(Information supplied)
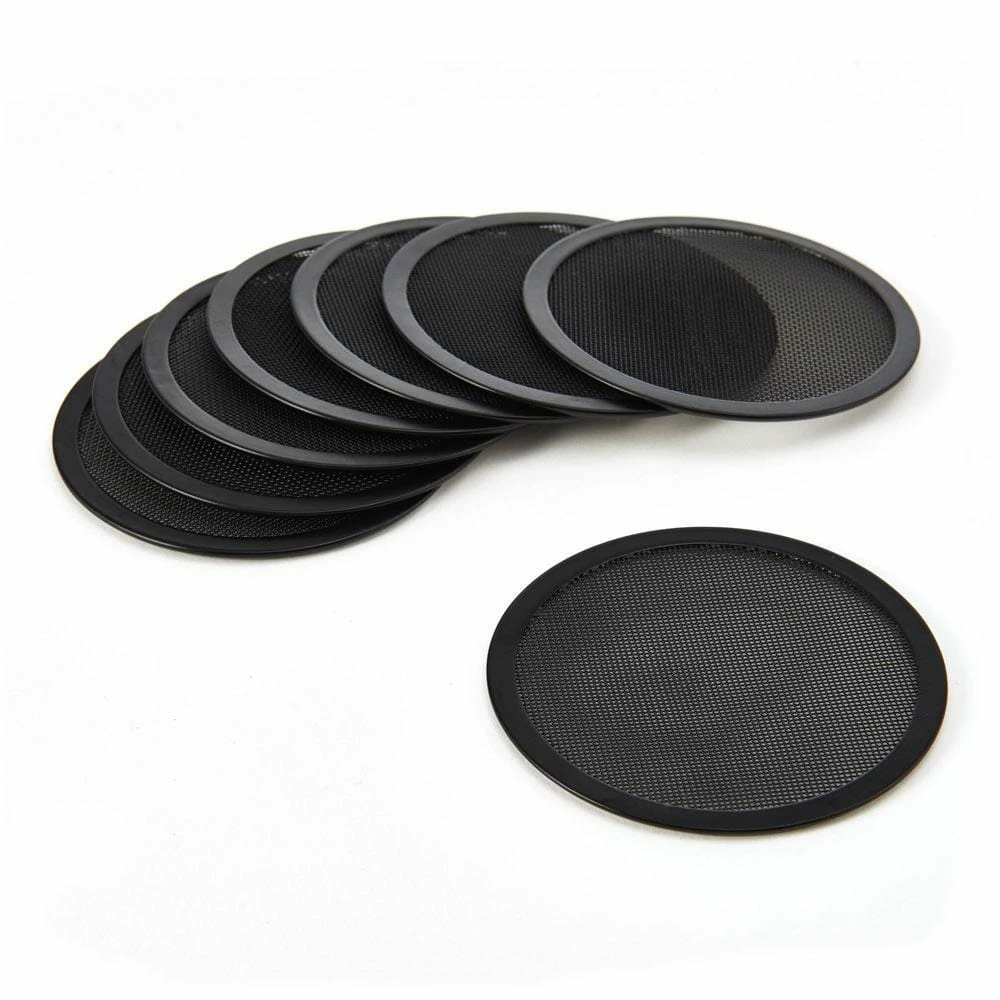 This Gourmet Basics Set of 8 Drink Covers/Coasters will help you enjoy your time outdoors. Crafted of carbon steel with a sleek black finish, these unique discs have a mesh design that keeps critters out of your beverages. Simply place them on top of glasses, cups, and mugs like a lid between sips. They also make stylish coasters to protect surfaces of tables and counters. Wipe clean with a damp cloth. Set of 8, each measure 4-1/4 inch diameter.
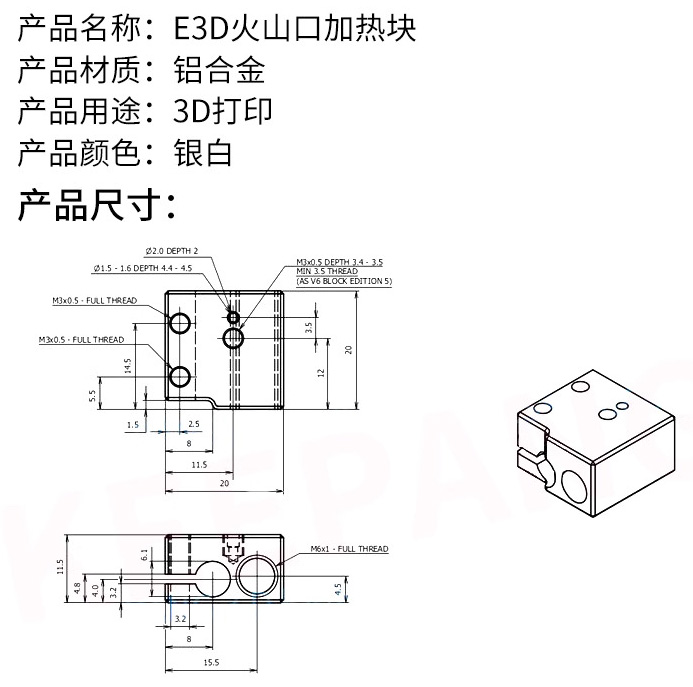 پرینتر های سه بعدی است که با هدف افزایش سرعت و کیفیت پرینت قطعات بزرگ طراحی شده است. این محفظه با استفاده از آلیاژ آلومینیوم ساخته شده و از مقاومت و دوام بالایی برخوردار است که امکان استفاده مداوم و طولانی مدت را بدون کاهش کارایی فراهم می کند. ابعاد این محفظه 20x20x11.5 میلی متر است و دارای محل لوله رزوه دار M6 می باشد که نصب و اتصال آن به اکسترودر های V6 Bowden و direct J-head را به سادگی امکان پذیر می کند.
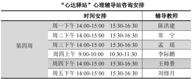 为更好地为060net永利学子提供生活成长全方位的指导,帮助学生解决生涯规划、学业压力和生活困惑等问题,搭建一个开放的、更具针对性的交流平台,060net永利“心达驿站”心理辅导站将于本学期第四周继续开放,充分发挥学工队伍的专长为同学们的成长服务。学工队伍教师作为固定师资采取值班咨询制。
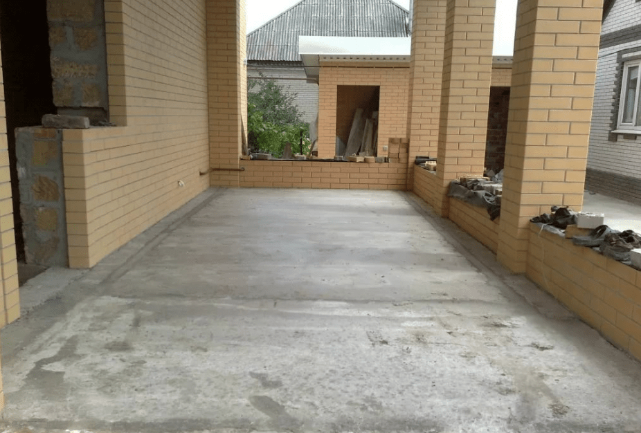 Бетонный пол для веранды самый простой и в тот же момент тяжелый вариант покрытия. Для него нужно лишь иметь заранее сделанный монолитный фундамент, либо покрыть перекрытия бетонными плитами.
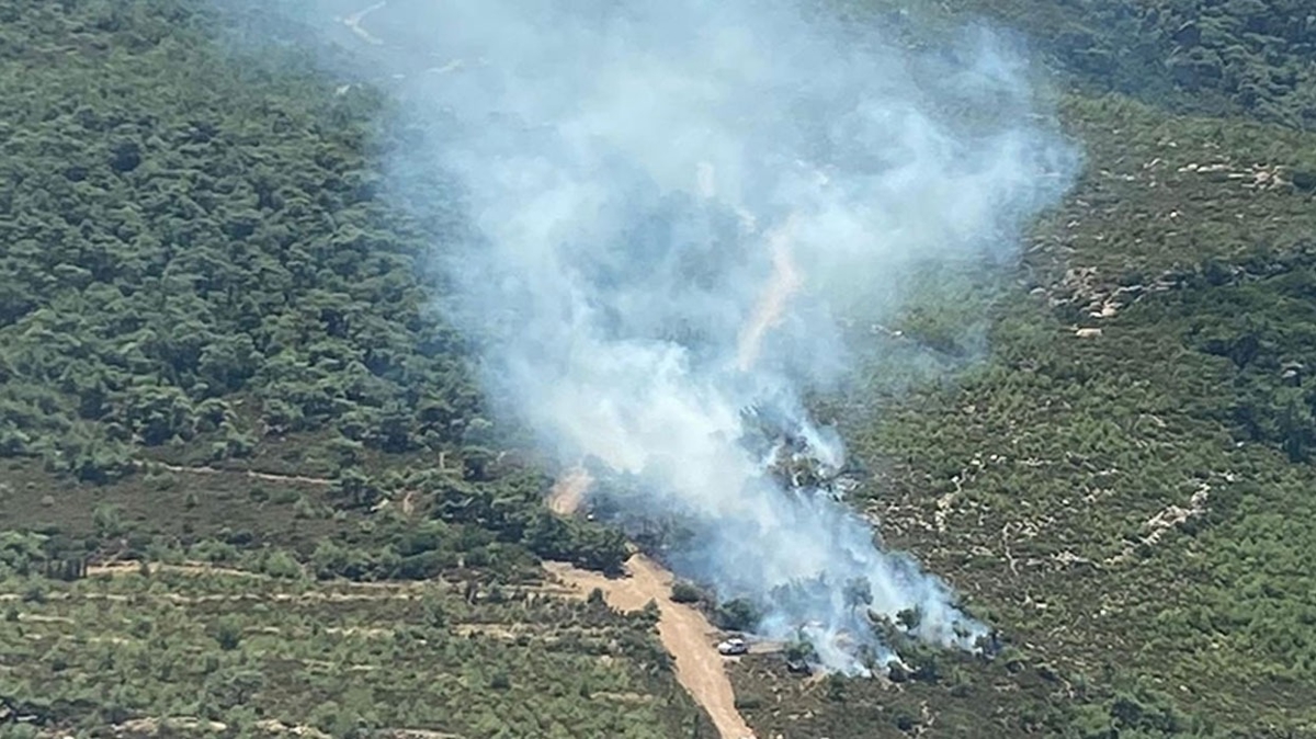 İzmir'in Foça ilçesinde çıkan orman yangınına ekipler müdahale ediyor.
(End Information supplied)
> Problem to solve
Could you return all the entries exactly as they appear, minus the pictures?

> Result
 This Gourmet Basics Set of 8 Drink Covers/Coasters will help you enjoy your time outdoors. Crafted of carbon steel with a sleek black finish, these unique discs have a mesh design that keeps critters out of your beverages. Simply place them on top of glasses, cups, and mugs like a lid between sips. They also make stylish coasters to protect surfaces of tables and counters. Wipe clean with a damp cloth. Set of 8, each measure 4-1/4 inch diameter.
 پرینتر های سه بعدی است که با هدف افزایش سرعت و کیفیت پرینت قطعات بزرگ طراحی شده است. این محفظه با استفاده از آلیاژ آلومینیوم ساخته شده و از مقاومت و دوام بالایی برخوردار است که امکان استفاده مداوم و طولانی مدت را بدون کاهش کارایی فراهم می کند. ابعاد این محفظه 20x20x11.5 میلی متر است و دارای محل لوله رزوه دار M6 می باشد که نصب و اتصال آن به اکسترودر های V6 Bowden و direct J-head را به سادگی امکان پذیر می کند.
 为更好地为060net永利学子提供生活成长全方位的指导,帮助学生解决生涯规划、学业压力和生活困惑等问题,搭建一个开放的、更具针对性的交流平台,060net永利“心达驿站”心理辅导站将于本学期第四周继续开放,充分发挥学工队伍的专长为同学们的成长服务。学工队伍教师作为固定师资采取值班咨询制。
 Бетонный пол для веранды самый простой и в тот же момент тяжелый вариант покрытия. Для него нужно лишь иметь заранее сделанный монолитный фундамент, либо покрыть перекрытия бетонными плитами.
 İzmir'in Foça ilçesinde çıkan orman yangınına ekipler müdahale ediyor.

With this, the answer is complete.